Study participants were required to complete all necessary baseline surveys and informed consent in English. Consented participants were asked to provide demographic, social and medical history cofactors including, but not limited to: age, gender, race, ethnicity, asthma, nasal polyposis, known allergies (reported by patient history or confirmed skin prick or radioallergosorbent testing), acetylsalicylic acid (ASA) intolerance, depression, current tobacco use, history of prior sinus surgery, recurrent acute sinusitis, and ciliary dysfunction / cystic fibrosis.

Outcome Measurements

All study participants were asked to complete 22-item Sinonasal Outcome Test (SNOT-22) at baseline and at follow-up.13,14 The SNOT-22 is a validated, 22-item treatment outcome measure applicable to chronic sinonasal conditions (©2006, Washington University, St. Louis, MO, USA). Higher scores on the SNOT-22 survey items suggest worse patient functioning or symptom severity (total score range: 0–110). Scoring is conducted via Likert scale responses whereas 0=“No problem”, 1=“Very mild problem”, 2=“Mild or slight problem”, 3=“Moderate problem”, 4=“Severe problem”, and 5=“Problem as bad as it can be”. Participants were asked to complete the SNOT-22 survey at both baseline appointments and at least 6-months after continued medical therapy or ESS procedures when possible, with the assistance of a trained research coordinator at each site. Patients were lost to follow-up if they did not complete any survey evaluations within 18 months after enrollment. Physicians at each site were blinded to all patient-based survey responses for the study duration.
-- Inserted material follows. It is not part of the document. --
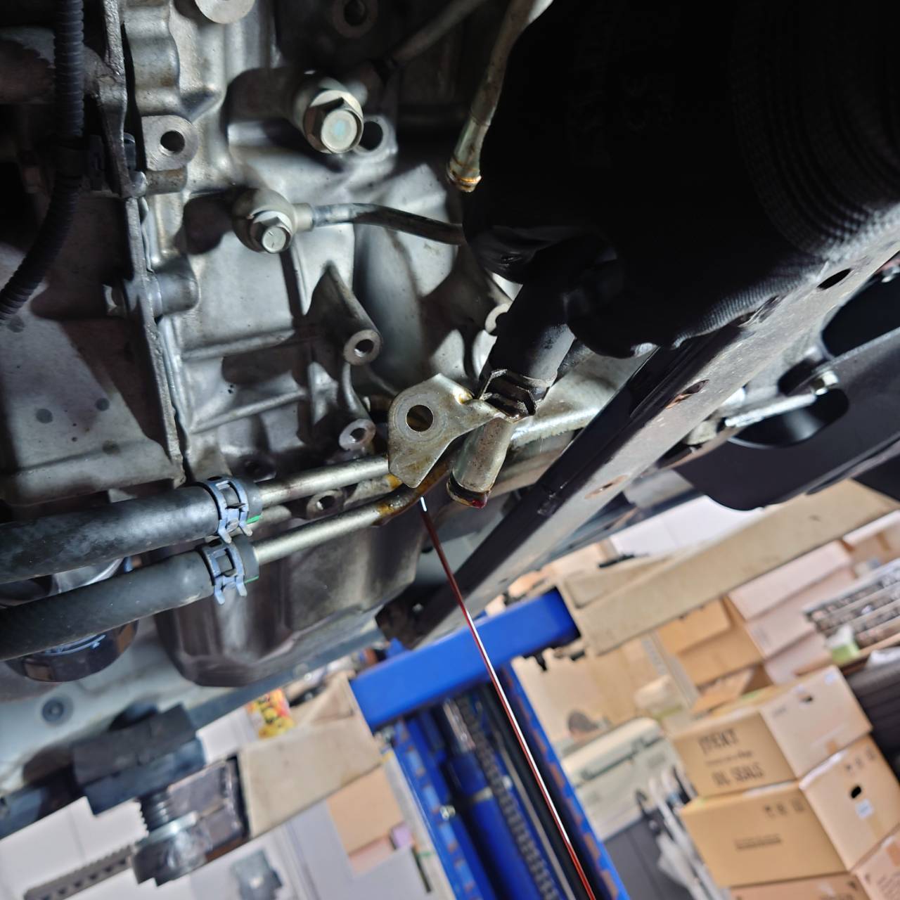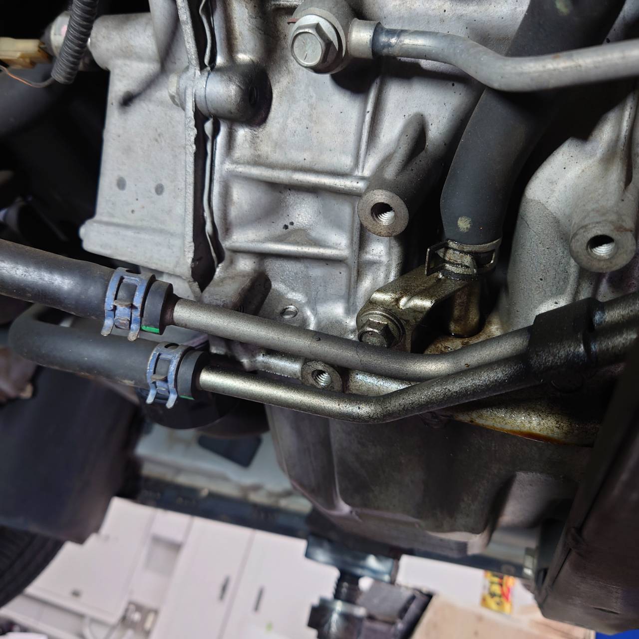 また、ターボのオイルリターンパイプまわりからオイルのにじみがあったため、パイプとOリングを交換し、あわせてエンジンオイルも補充しました。

Individual domain scores of the SNOT-22 were operationalized following guidelines that have been previously described.5 The 22-items of the SNOT-22 survey were re-categorized and summarized into five distinct domains including: Rhinologic symptoms, Extra-nasal rhinologic symptoms, Ear / facial symptoms, Psychological dysfunction, and Sleep dysfunction (Table 1).

Table 1.

Categorized survey items for separate domains of the SNOT-22 instrument

SNOT-22 Domains: Survey Items: Score Range:
Rhinologic Symptoms #1, #2, #3, #6, #21, #22 0–30
Extra-Nasal Rhinologic Symptoms #4, #5, #6 0–15
Ear/Facial Symptoms #2, #7, #8, #9, #10 0–25
Psychological Dysfunction #14, #15, #16, #17, #18, #19, #20 0–35
Sleep Dysfunction #11, #12, #13, #14, #15 0–25

SNOT-22, 22-item Sinonasal Outcome Test

Data Management and Statistical Analysis

De-identified SNOT-22 surveys were collected and transferred from each enrollment site to a central coordinating site (OHSU) using standardized clinical research forms. All study data was entered into a relational database (Microsoft Access, Microsoft Corp., Redmond, WA, USA) and downloaded into a commercially available statistical software program (SPSS v.22, IBM Corp., Armonk, NY, USA).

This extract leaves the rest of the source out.